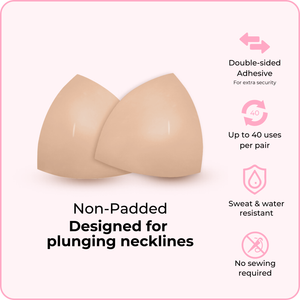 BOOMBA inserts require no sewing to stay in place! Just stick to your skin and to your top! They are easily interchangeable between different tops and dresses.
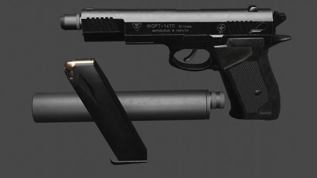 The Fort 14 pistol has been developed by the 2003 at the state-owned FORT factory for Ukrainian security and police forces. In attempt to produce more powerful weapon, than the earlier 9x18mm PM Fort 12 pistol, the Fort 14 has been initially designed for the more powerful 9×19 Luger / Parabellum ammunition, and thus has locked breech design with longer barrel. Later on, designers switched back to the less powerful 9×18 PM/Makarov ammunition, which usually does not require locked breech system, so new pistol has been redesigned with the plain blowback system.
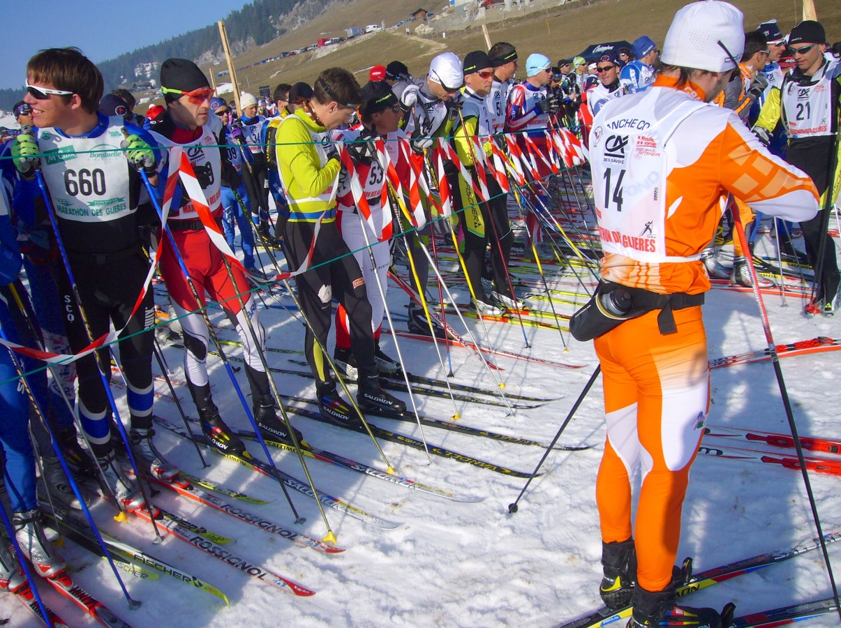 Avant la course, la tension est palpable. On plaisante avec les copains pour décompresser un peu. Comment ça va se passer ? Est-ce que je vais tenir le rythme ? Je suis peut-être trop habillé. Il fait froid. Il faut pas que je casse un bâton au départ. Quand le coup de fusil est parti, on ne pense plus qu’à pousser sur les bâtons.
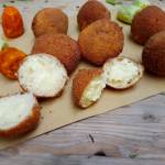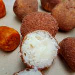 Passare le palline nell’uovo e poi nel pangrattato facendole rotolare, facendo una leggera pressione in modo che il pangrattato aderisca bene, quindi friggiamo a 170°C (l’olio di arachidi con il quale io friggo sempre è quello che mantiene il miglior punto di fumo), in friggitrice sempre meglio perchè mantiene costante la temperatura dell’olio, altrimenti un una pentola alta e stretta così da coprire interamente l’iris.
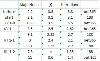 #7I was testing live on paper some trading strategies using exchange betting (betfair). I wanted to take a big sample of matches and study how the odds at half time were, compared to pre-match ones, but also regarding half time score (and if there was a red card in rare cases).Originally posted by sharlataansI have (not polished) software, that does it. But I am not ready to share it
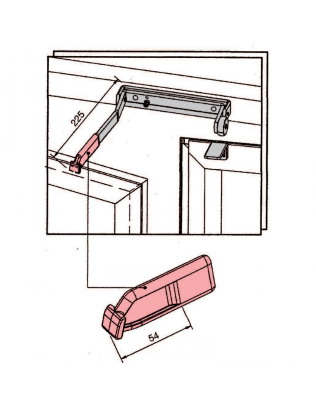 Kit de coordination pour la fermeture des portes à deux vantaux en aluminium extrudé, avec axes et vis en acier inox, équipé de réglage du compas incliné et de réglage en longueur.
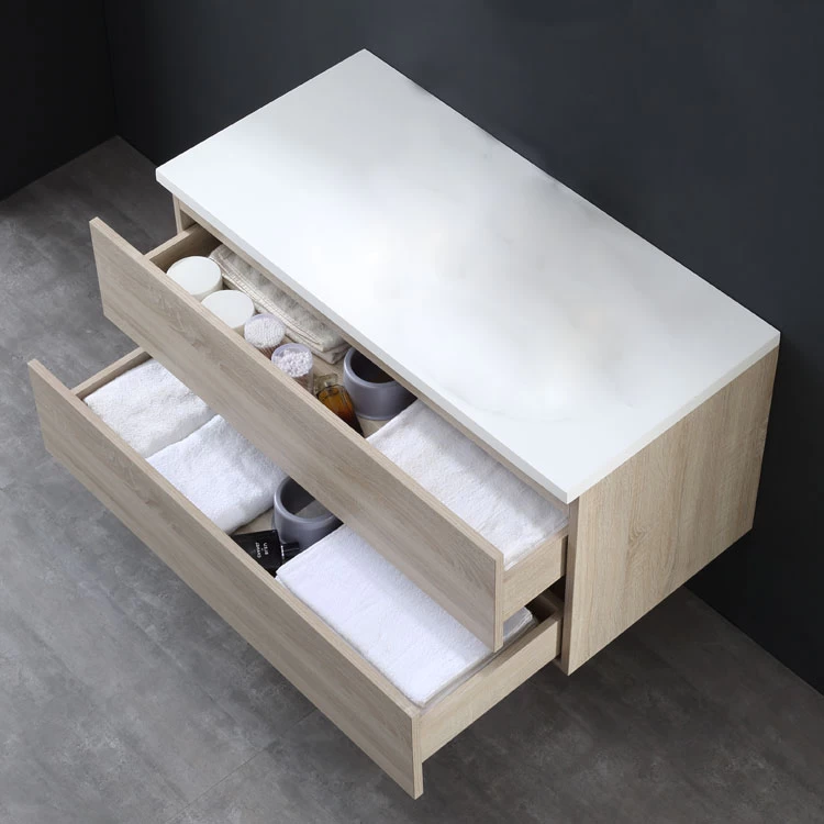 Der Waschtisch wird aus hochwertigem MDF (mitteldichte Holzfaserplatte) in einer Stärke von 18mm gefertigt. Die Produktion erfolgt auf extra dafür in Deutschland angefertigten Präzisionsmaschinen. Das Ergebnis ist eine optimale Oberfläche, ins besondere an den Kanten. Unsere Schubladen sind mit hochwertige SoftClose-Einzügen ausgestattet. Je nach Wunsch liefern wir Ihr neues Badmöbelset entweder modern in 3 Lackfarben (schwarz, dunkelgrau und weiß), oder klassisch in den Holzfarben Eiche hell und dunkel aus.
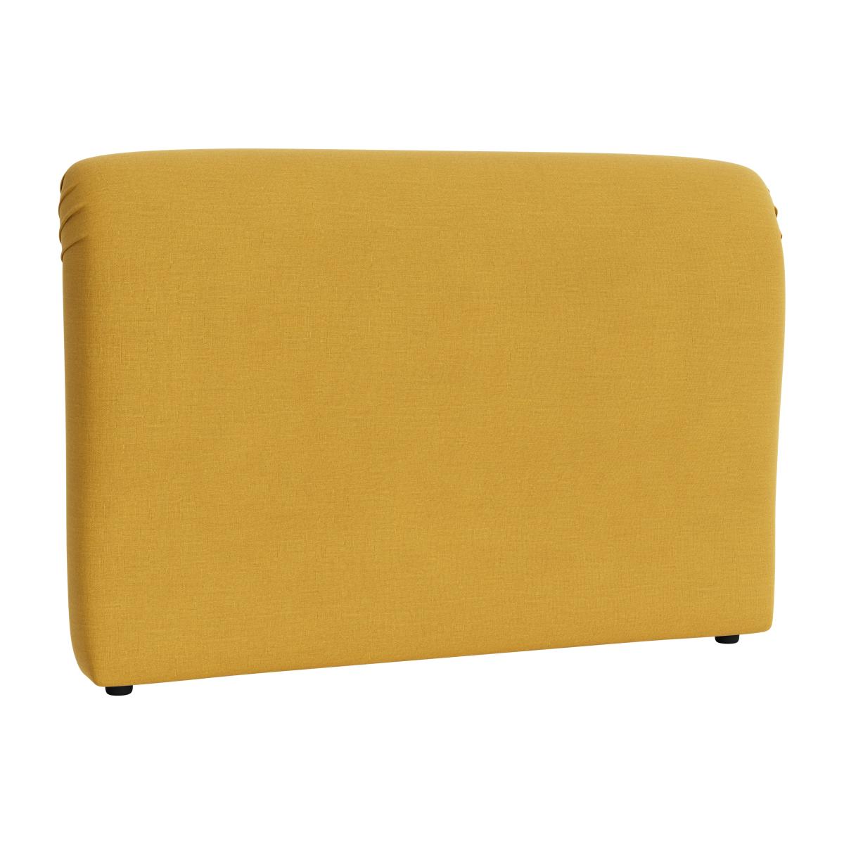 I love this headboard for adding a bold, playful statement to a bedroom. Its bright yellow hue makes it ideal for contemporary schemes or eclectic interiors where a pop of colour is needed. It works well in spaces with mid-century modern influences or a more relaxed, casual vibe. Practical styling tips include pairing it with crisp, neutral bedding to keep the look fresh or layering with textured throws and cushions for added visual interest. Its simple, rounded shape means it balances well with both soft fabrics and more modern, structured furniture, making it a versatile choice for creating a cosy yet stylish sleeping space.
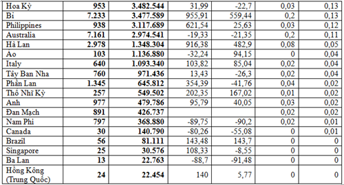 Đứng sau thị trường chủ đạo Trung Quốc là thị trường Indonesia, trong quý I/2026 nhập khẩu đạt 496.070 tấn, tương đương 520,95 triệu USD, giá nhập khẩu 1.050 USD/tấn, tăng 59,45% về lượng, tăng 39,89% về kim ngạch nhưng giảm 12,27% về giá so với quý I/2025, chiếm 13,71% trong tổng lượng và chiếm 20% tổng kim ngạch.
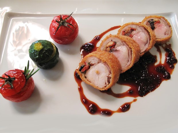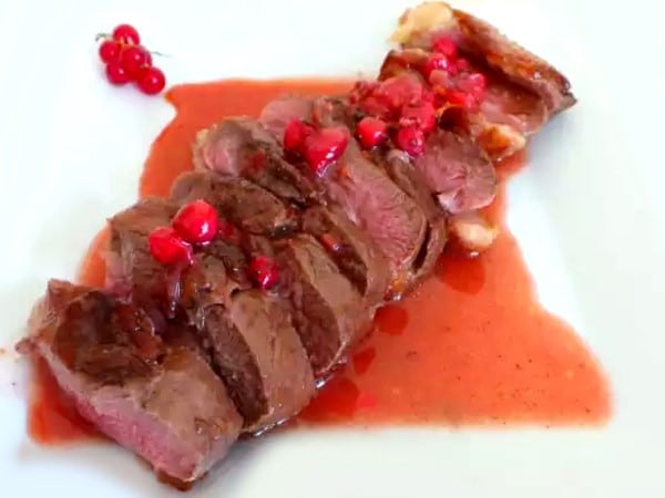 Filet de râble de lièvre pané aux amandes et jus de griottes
------------------------------
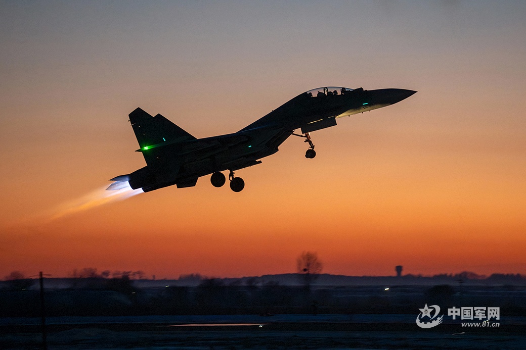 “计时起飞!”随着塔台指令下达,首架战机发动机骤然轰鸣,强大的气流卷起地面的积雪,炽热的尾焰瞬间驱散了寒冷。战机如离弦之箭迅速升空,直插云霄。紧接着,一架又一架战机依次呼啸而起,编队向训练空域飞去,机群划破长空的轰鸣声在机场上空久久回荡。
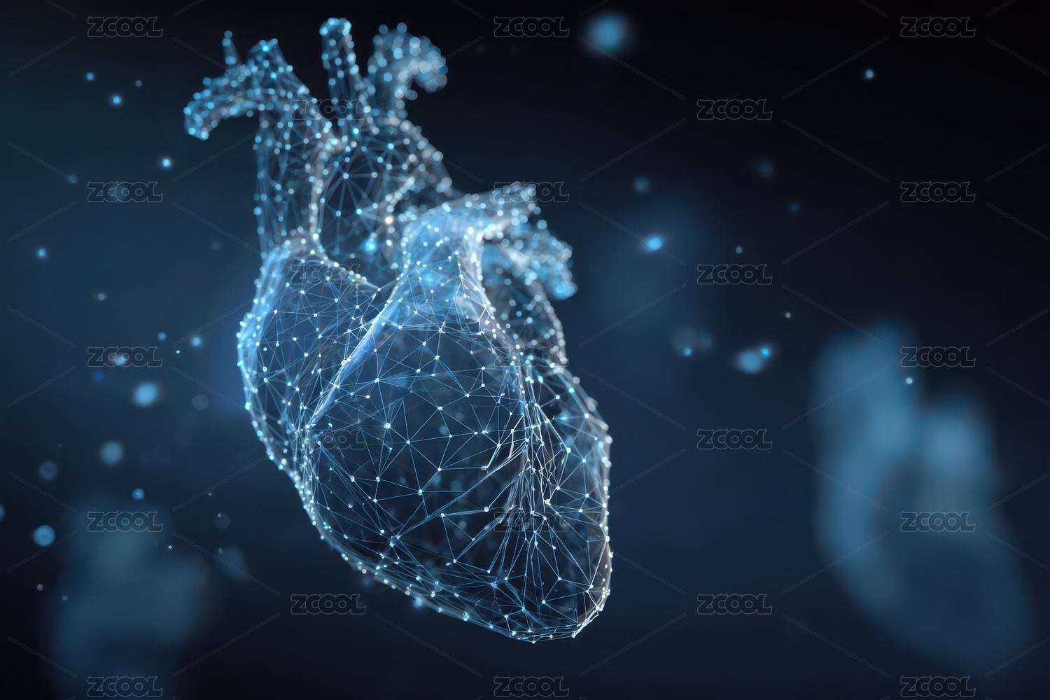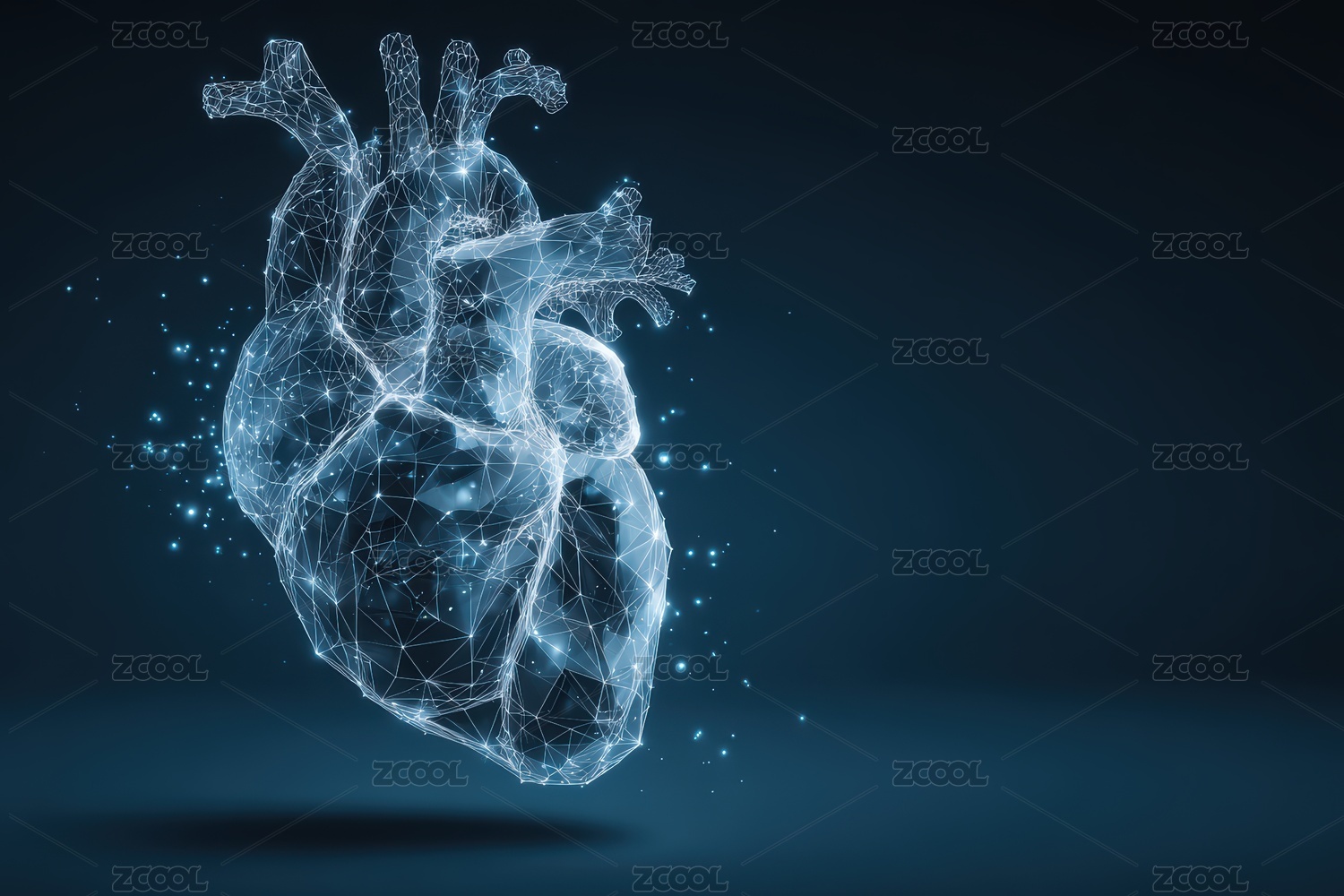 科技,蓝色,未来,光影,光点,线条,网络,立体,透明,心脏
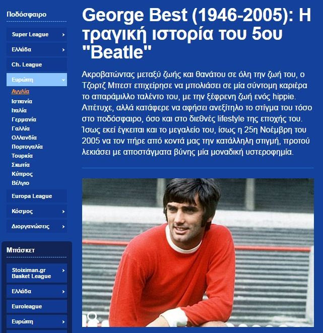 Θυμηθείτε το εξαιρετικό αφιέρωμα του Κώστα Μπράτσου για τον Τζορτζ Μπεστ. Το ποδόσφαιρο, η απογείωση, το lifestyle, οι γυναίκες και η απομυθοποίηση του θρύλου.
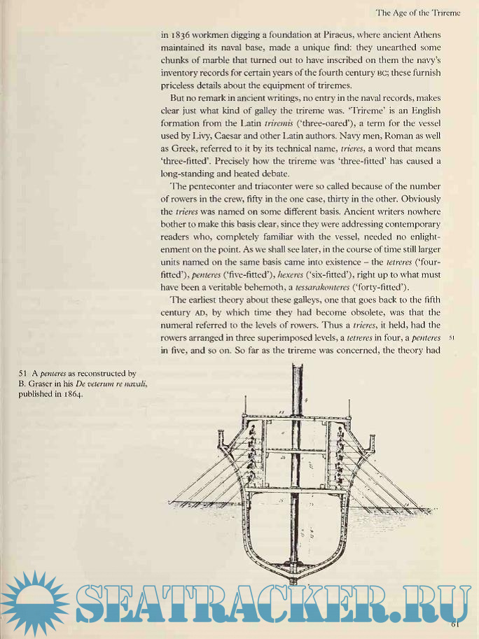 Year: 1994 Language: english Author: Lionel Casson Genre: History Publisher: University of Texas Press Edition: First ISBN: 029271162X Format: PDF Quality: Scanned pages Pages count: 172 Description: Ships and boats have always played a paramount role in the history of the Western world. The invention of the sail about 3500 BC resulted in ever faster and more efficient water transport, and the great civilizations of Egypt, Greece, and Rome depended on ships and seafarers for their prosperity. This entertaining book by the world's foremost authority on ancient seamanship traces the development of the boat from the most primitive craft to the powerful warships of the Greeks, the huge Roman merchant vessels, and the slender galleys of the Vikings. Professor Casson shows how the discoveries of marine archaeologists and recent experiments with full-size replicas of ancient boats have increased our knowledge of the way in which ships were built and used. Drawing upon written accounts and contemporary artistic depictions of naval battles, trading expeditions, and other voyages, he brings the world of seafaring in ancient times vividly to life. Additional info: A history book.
------------------------------
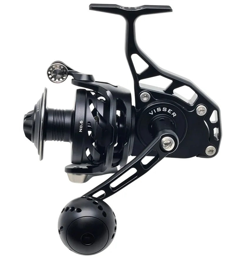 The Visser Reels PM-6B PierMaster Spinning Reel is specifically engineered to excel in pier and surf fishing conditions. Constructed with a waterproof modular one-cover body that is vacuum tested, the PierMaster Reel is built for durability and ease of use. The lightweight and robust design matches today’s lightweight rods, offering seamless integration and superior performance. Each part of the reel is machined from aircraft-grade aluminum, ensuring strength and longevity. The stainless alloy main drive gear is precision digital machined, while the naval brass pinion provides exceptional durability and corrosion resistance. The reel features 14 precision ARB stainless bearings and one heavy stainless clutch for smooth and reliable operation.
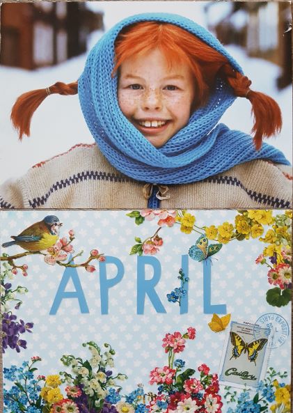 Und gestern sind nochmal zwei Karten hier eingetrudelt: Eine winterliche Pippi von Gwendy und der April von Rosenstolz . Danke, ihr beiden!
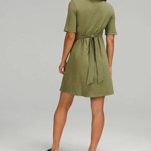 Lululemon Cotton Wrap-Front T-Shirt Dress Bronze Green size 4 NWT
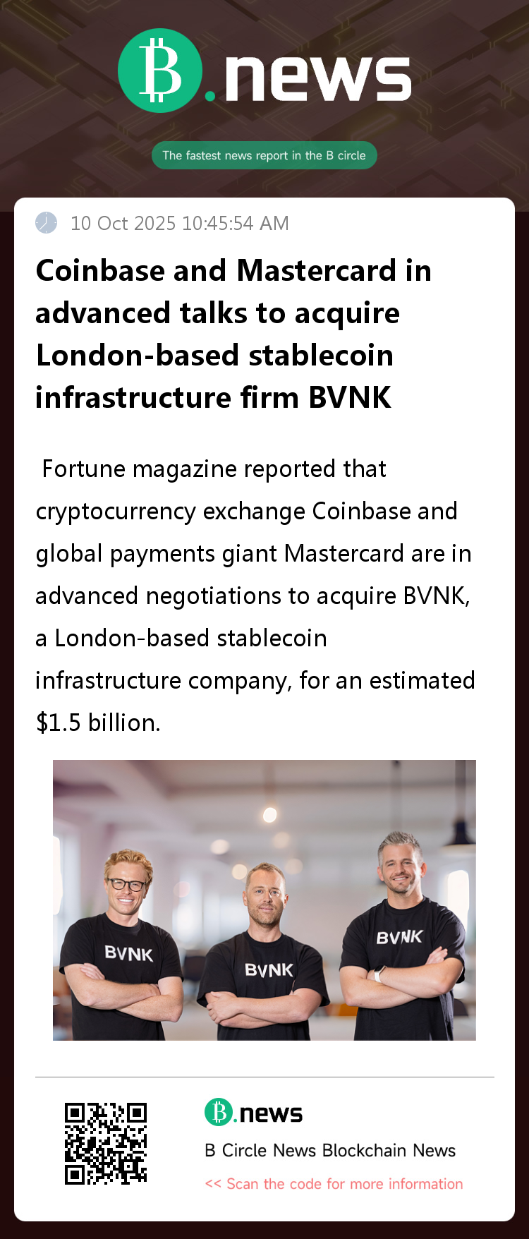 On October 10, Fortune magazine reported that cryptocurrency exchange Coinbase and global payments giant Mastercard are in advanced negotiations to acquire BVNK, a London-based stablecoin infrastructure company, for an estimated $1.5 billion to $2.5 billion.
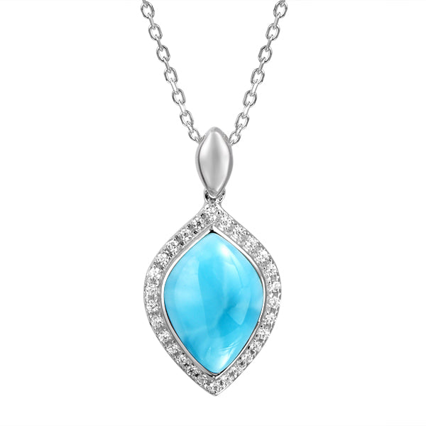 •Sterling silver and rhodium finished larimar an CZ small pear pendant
------------------------------
» EXERCISE BRIEF
Leaving out all pictures, set down exactly the lines of the material above, from the line with "Und gestern sind" to the line with "small pear pendant" inclusive, and no others.

» EXERCISE SOLUTION
 Und gestern sind nochmal zwei Karten hier eingetrudelt: Eine winterliche Pippi von Gwendy und der April von Rosenstolz . Danke, ihr beiden!
 Lululemon Cotton Wrap-Front T-Shirt Dress Bronze Green size 4 NWT
 On October 10, Fortune magazine reported that cryptocurrency exchange Coinbase and global payments giant Mastercard are in advanced negotiations to acquire BVNK, a London-based stablecoin infrastructure company, for an estimated $1.5 billion to $2.5 billion.
 •Sterling silver and rhodium finished larimar an CZ small pear pendant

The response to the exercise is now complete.